I built my own Dataset and all the features are present and I get the exact same results up until fitting the model.
There I get the above error.
After some research, it seems this is caused by not having the columns in the correct order.
The tokenizer does output it in a different order and I changed it, but neither the order in the course nor the order of the tokenizer seem to work.
Can someone think of another issue?
I don’t have the Data Collator as it’s deprecated now.
Token Type Ids are commented out because the tokenizer does not return them.

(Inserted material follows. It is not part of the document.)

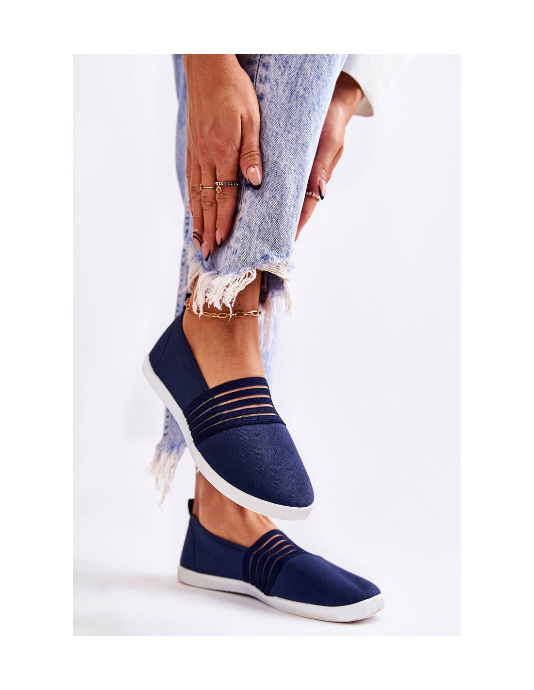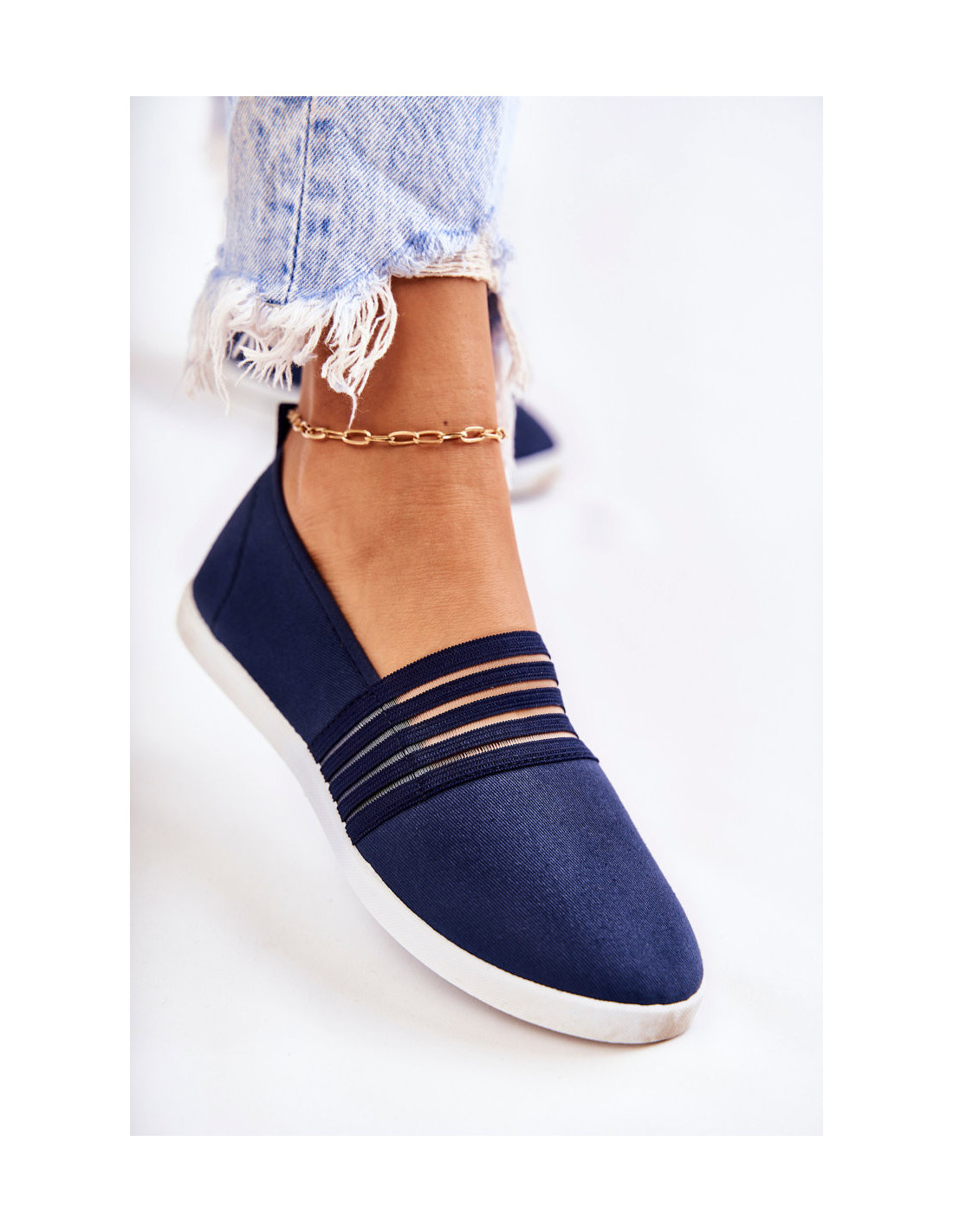 Slip-on sportbačiai su batviršiais virš kulkšnies yra pagaminti iš tekstilės medžiagos. Pastatykite ant subtilios platformos su užapvalintais pirštais. Slip-on modelis. Puikiai tinka kasdieniam naudojimui – darbui, apsipirkimui ar susitikimams su draugais. Patogus ir patogus naudoti. Jie turi medžiaginį įdėklą ir dekoratyvines, permatomas juosteles. PASTABA! Padai šiek tiek purvini. Renkantis dydį, naudokite dydžių lentelę.

I’m using "distilbert-base-cased-distilled-squad" because I just want to try and that seems like the fastest (smallest) model.
Hi @ollibolli, this is a good question! We’re thinking about a refactor of the internals of some of our TF models to make it a bit clearer, because this is one of the most common issues people encounter.
I don’t -think- the order of the columns should matter. Instead, what’s happening here is that you compiled the model with a Keras loss, but you’re passing the labels in the input dictionary. This is explained in more detail in the HF course here: How to ask for help - Hugging Face Course
If you search in that file for the “No gradients provided…” error you’ll see what it is, and how to fix it. If you have any other issues, or you don’t think the course notes do a good job explaining the problem, feel free to let me know!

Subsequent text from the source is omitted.